Monday, February 16, 2009

Substance over the symbol...

I'm not sure if I always wanted to be a nurse or not--I believe there may have been a few other ambitions thrown into the mix of my childhood wannabes, but at the age of thirteen I became a candy striper at the hospital and that sealed the deal.

My mom had a friend who worked in the admissions office at Charlotte Memorial (now Carolinas Medical Center) and during the summer between my seventh and eighth grade years of school I got up every morning at six a.m., rode over to Nell's house, and worked the seven to three o'clock shift with her. In those days, candy stripers did not simply deliver flowers. I was allowed to do things that I cannot imagine someone so young doing today.

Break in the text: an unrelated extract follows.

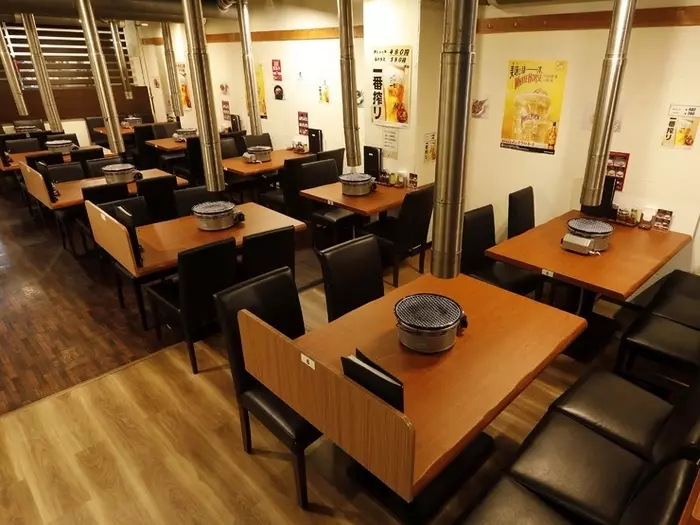 ゆったり座れて、くつろぎながら焼肉が楽しめる、広々とした開放的な店内。2人席や4人席、6人席まで全56席が用意されていて、カップルから家族、グループ、もちろん一人でも利用しやすくなっています。午前11時から夜まで通し営業しているので、どの時間帯にも利用可能、金曜・土曜は深夜3時30分までオープンしているのも心強い一軒です。

Once, I was assigned to help in the recovery room and I clearly remember a nurse stationing me at the bedside of an elderly gentleman. She told me to watch his bare chest rise and fall and if I saw him quit breathing for more than fifteen seconds or so, I was to pop his breastbone and tell him to breathe. I did that for about an hour--and to this day I can still picture his curly gray chest hair. He lived. At least until after I left the Recovery Room.

From that day on, everything about helping someone get well fascinated me. The sounds of life-saving machinery, the smell of phenol and alcohol, the squeaks of gurney wheels, even the unpleasant odor of burns or infected wounds--all of these things made me want to be there in the midst of the chaos and curing.

In Numbers 21 and 22, a medical symbol that I first saw on my pediatrician's office wall as a child appears. After a zig zag route around Edom toward Mount Hor, scripture says that the children of Israel began to speak against God and Moses. They were frustrated that they seemed to be going in the opposite direction of their destination and were angry that they'd been led out to the wilderness to die.

Previously, their complaints had been against Moses only, but this time, they didn't hold back, adding accusations against God. As you might guess this didn't please God one bit, so he responded by sending fiery poisonous snakes their way. Many people were bitten and subsequently died, so the Israelites quickly confessed their sin and begged for Moses to pray that God would take away the snakes.

It's interesting to note that rather than just sending the snakes away, God told Moses to make a replica of the snake, attach it to a pole, and tell the people that if bitten they were to look at the bronze snake to be healed.

This "suffering symbol" would serve as a reminder of their sinful murmuring, and I'm confident that the threat of being bitten at any time probably did as well. There is no logical explanation given for God's prescribed method for curing their condition, but if they simply looked at the pole, they lived. If they refused to look they died. 1 Corinthians 1:27 explains that sometimes God's seemingly illogical methods are actually very purposed.

27 God chose things the world considers foolish in order to shame those who think they are wise. And he chose things that are powerless to shame those who are powerful.

Here's what Jesus Christ had to say about this event in John chapter 3:

14 And as Moses lifted up the bronze snake on a pole in the wilderness, so the Son of Man must be lifted up, 15 so that everyone who believes in him will have eternal life.

God is so consistent. Everything he did then, everything he does now, and everything he will do in the future has meaning and purpose. And even though the American Medical Association's old logo that depicted a snake on a pole may not have looked like the cross that many scholars believe the symbol Moses made probably resembled, it is still remarkable to me that all these years later we find that scripture continues to impact our culture.

Life came to the children of Israel if they would only look up at a symbol that God chose to be the source of their healing. Today, if we will "look up" at the Son of Man, Jesus, who suffered in our place when he was lifted up as God's one and only means for our spiritual, eternal healing, we can live.

For some, it seems foolish. To those of us being saved, it is the power of God.

1 Corinthians 1: 18 For the word of the cross is foolishness to those who are perishing, but to us who are being saved it is the power of God.